Climate-friendly cooling could cut years of greenhouse gas emissions and save trillions

As the need for cooling rises, energy-efficient, climate-friendly appliances are critical to reaching the Paris Agreement goals. Experts are urging the world to focus on improved cooling in post-pandemic recovery plans.

About 3.6 billion appliances are in use now — but 14 billion will be required by 2050 to meet global cooling needs.

Coordinated international action on energy-efficient, climate-friendly cooling could avoid as much as 460 billion tonnes of greenhouse gas emissions – roughly equal to eight years of global emissions at 2018 levels – over the next four decades, according to the United Nations Environment Programme (UNEP) and the International Energy Agency (IEA).

Reductions of between 210 and 460 billion tonnes of CO2-equivalent emissions can be delivered over the next four decades through actions to improve the cooling industry’s energy efficiency together with the transition to climate-friendly refrigerants, writes a statement.

The report says countries can institutionalize many of these actions by integrating them into their implementation of the Kigali Amendment to the Montreal Protocol.
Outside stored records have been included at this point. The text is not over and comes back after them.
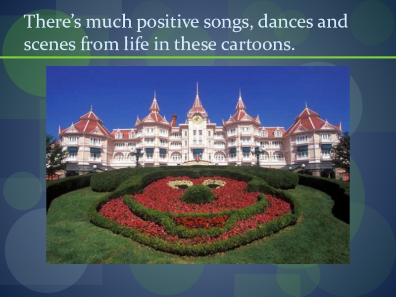 Слайд 10There’s much positive songs, dances and scenes from life in these
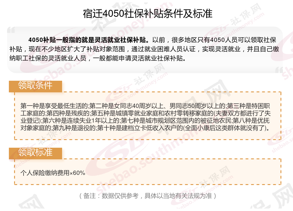 一、2023-2024年宿迁灵活就业4050社保补贴标准和条件是什么
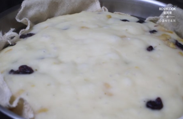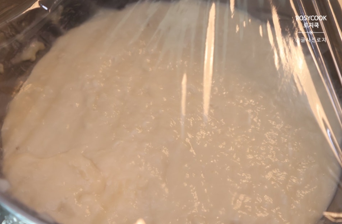8. 랩을 씌워서 따뜻한 곳에서 발효합니다. 겨울엔 전기매트 위에서 발효하면 좋습니다. 날씨에 따라서 시간은 달라지겠지만 이스트를 사용할 경우 3시간 ~ 4시간 정도 발효해주시면 됩니다. 막걸리만 사용하신다면 6시간 정도 발효해 주시면 됩니다.
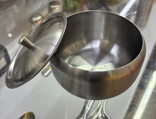 Paslanmaz Çelik Şekerlik, Kapaklı Lokumluk, 10 cm x 7 cm, Gümüş Rengi Hurma Kasesi, Küp Şekerlik
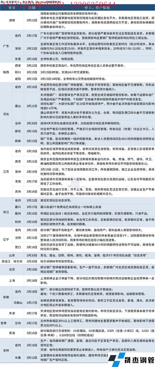 截至3月22日,匯總了16個省份停工復工最新信息。其中,湖南省本地鋼企對廢鋼送貨車輛管控有所升級;主流廢鋼基地疫情管控措施與此前相比變化不大,多數基地正常加工出貨,部分基地對進廠車輛管控較前期有所升。唐山長流程無縫厚壁鋼管廠家目前整體生產情況正常,但受全域交通臨時管控影響,依靠汽運原料進廠及成品材出廠嚴重受阻,個別無縫厚壁鋼管廠家已有由于原料短缺導致高爐停產的情況發生。山東省已有青島、煙臺、日照、德州、濰坊、威海、淄博、臨沂8個市實現社會面“動態清零”。具體情況如下:
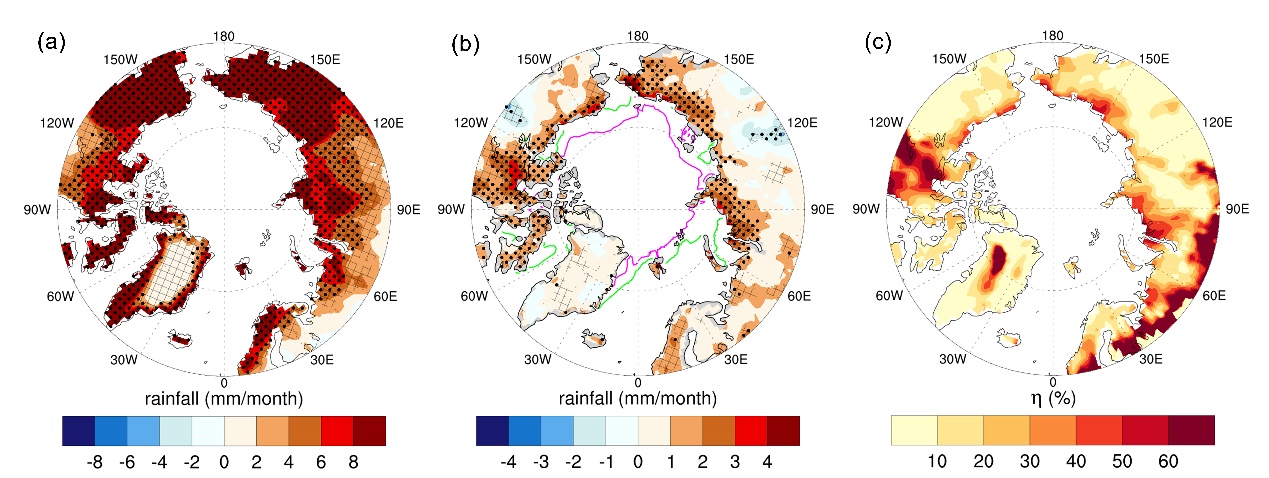 全強(qiáng)迫(a)和僅海冰消融強(qiáng)迫(b)下的北極陸地夏季降雨量的多模式平均響應(yīng),(c)海冰消融對(duì)降雨變化的貢獻(xiàn)率
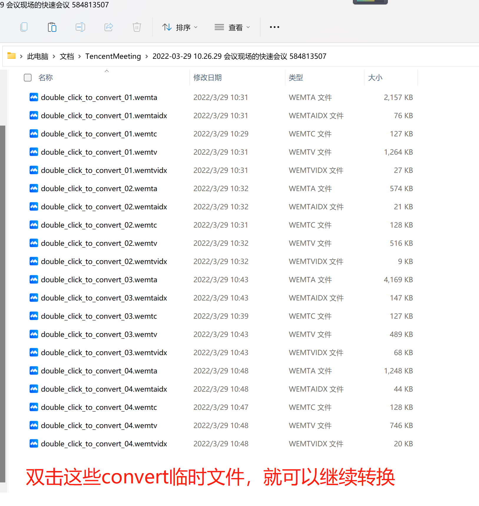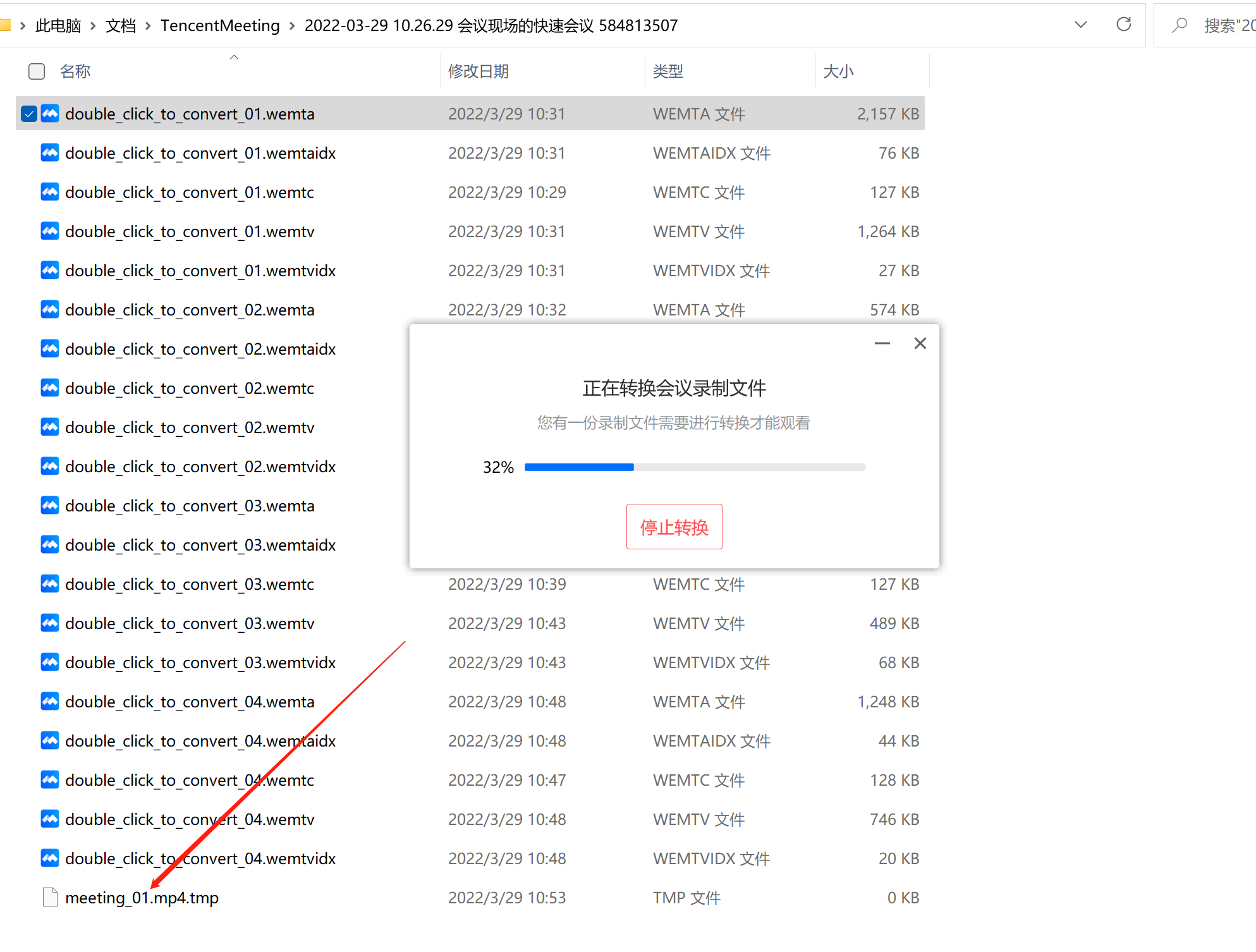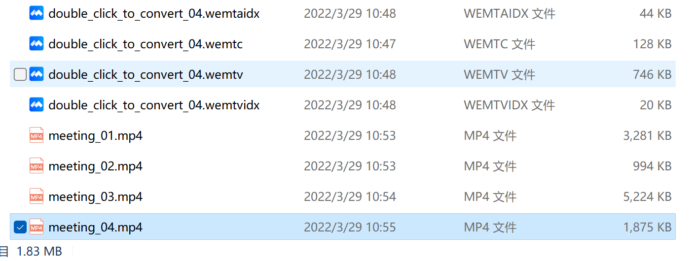 需要转码的时候,我们先找到视频保存的路径(默认在“我的文档”下的“TencentMeeting”文件夹中)一个录像有5个临时文件,双击任何一个文件都能进行转码。

Signatories to the Kigali Amendment have agreed to reduce the production and use of climate-warming refrigerant gases known as hydrofluorocarbons (HFCs), which has the potential to avoid as much as 0.4°C of global warming by 2100.

As nations invest in COVID-19 recovery, they have an opportunity to use their resources wisely to reduce climate change, protect nature and reduce risks of further pandemics, says UNEP.

The report highlights the importance of cooling to maintaining healthy communities; fresh vaccines and food; a stable energy supply, and productive economies. The essential nature of cooling services is underlined by the COVID-19 pandemic, as temperature-sensitive vaccines will require quick deployment around the globe.

However, increasing demand for cooling is contributing significantly to climate change. This is the result of the emissions of HFCs, CO2, and black carbon from the mostly fossil fuel-based energy that powers air conditioners and other cooling equipment.

The IEA estimates that doubling the energy efficiency of air conditioning by 2050 would reduce the need for 1,300 gigawatts of additional electricity generation capacity to meet peak demand – the equivalent of all the coal-fired power generation capacity in China and India in 2018. Worldwide, doubling the energy efficiency of air conditioners could save up to USD 2.9 trillion by 2050 in reduced electricity generation, transmission and distribution costs alone.